Bringing up the rear in our survey results for laptop reliability are Dell's business laptops and HP's home laptops, with two worse-than-average marks and no better-than-average results, and Dell's home laptops, with three subpar marks and no positives.

*SOURCE* Laptop Reliability and Satisfaction: MacBooks Rule | PCWorld


----------



## dashing.sujay (Jun 7, 2012)

RON28 said:


> sorry can't help you if you don't know ASUS's reliable laptops, this may help you Google



So I don't know google .

Well, Dell are pretty much reliable as compared to Asus. If the 3% difference is so important to you, then open an Asus shop.

I don't know why can't you see the VFM in both cases.


----------



## RON28 (Jun 7, 2012)

^^^lolz as far as i know ASUS laptops have a great VFM.   Dell laptops are overpriced, so can't ignore this 

and still after reading the link provided you support dell for price performance ratio, then you must open a service center of DELL


----------



## dashing.sujay (Jun 7, 2012)

RON28 said:


> ^^^lolz as far as i know ASUS laptops have a great VFM.   Dell laptops are overpriced, so can't ignore this







*Asus K55VM*
| 
*Inspiron 15R*
| 
*Result*

i7-3610QM | i7-3612QM | Doesn't matters, but +1 for 15r
8GB RAM | 4GB RAM | Manage the cost by 1.5k
GPU- 630M| 7730M | Even near, huh ?
No OS| Win HP | Manage the cost by 6.7k
1 USB 3.0 port | 2/3 USB 3.0| +1 for inspiron
No accidental damage protection| It is there| +1 for inspiron
.3mp webcam | 1mp webcam| +1 for inspiron
Final cost= 54.5 - 1.5= 
*53k*
 | 55.9-6.7k= 
*49.2k*
*with much better performance*
Ans still you find it overpriced ?!? Jog on dude.

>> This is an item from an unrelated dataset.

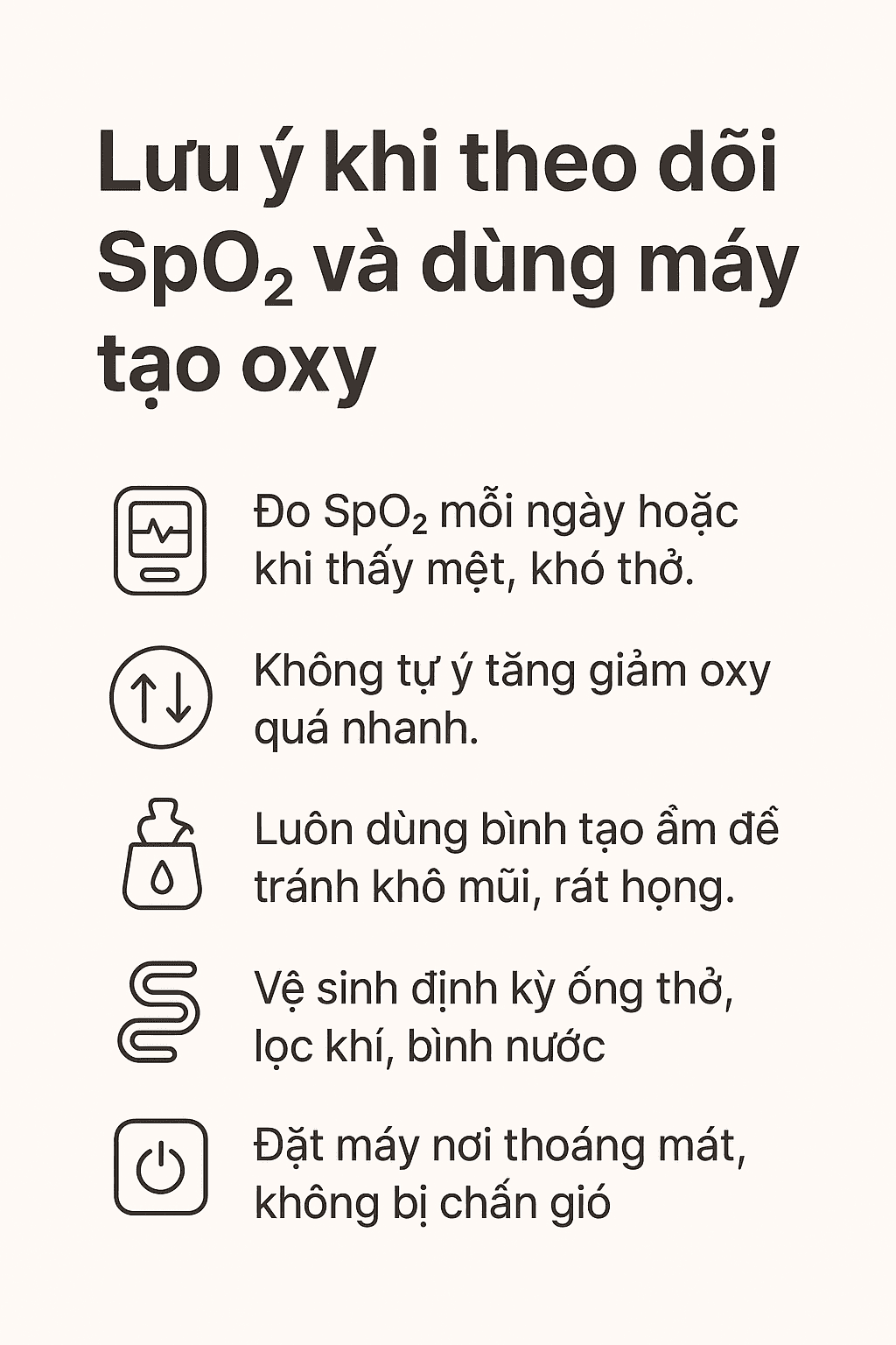 Lưu ý khi theo dõi SpO₂ và dùng máy tạo oxy

Now who should open the shop? 



RON28 said:


> and still after reading the link provided you support dell for price performance ratio, then you must open a service center of DELL



I never said it as a "whole", but in this case, it IS definitely.


----------



## far (Jun 7, 2012)

dashing.sujay said:


> *Asus K55VM*
> |
> *Inspiron 15R*
> |
> ...






Exactly... ! Sometimes people get tricked by prices of systems with no OS preinstalled caliming it to be cheap...

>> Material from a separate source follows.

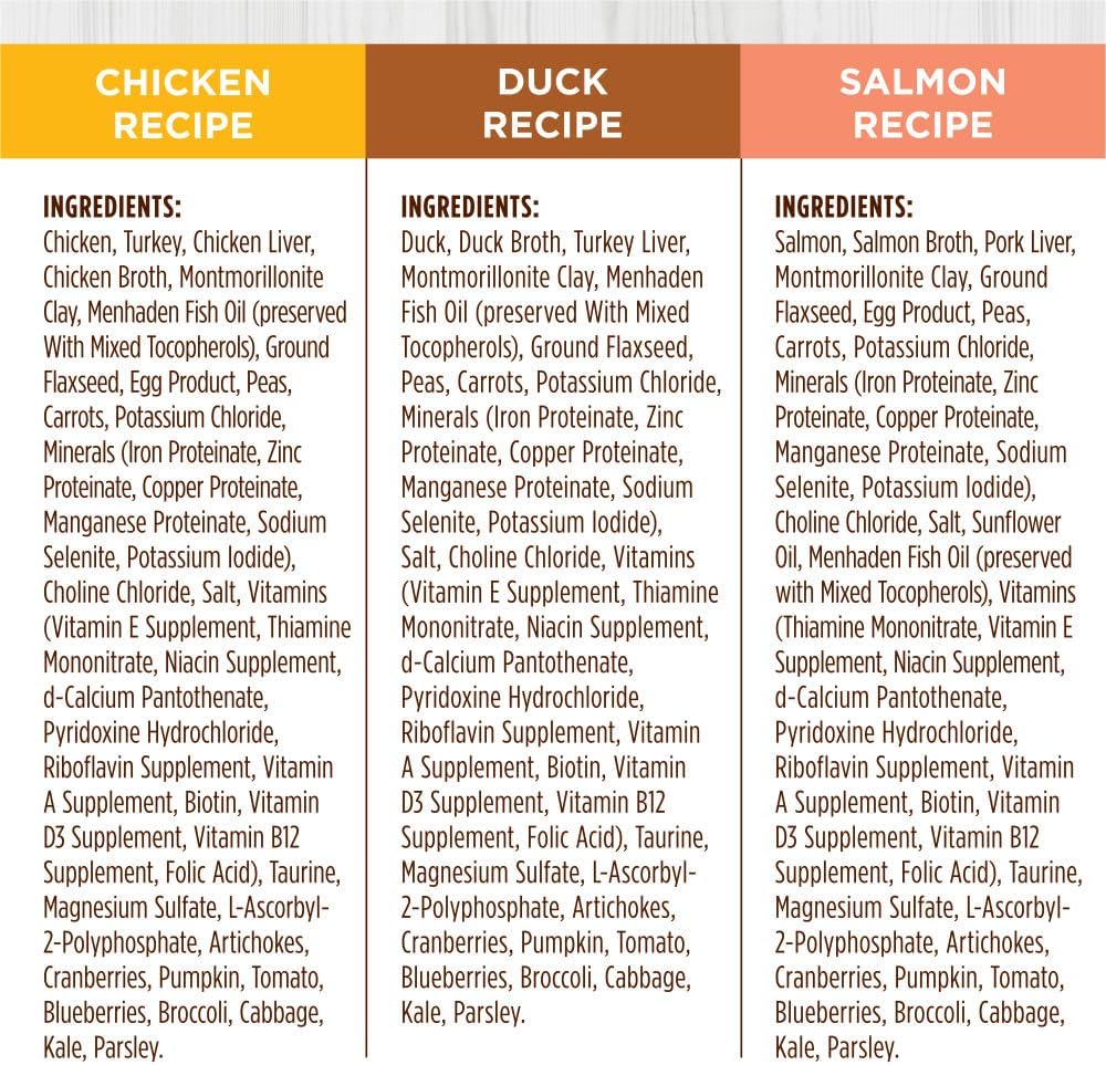 - HIGH PROTEIN CAT FOOD: Crafted with 95% real meat and organs and 5% wholesome ingredients, this grain free cat food wet recipe helps maintain strong, lean muscles. Includes cage-free chicken, duck, and wild-caught salmon for a truly balanced meal.

Well.. if they are not bothered about the Original OS.. then yeah.. else big no IMO


----------



## RON28 (Jun 7, 2012)

Nice comparison dude DELL is good..happy?  

Let OP decided which laptop he wants? a heating laptop or an ice cool laptop


----------



## dashing.sujay (Jun 7, 2012)

^It'd be better if you keep yourself ice cool.


----------



## coderunknown (Jun 7, 2012)

RON28 said:


> Nice comparison dude DELL is good..happy?



this kind of attitude can get you in serious trouble 



RON28 said:


> Let OP decided which laptop he wants? a heating laptop or an ice cool laptop



Asus keeps the palm area cool but the part where the fan lies gets real hot. And this is true for almost all laptops nowadays. Most laptops other than the ultrabooks run cool and have hot patches near the screen area. Also just pick any lappy with a powerful GPU and an Intel proccy, it'll have hot zones registering around 50degree+ temp.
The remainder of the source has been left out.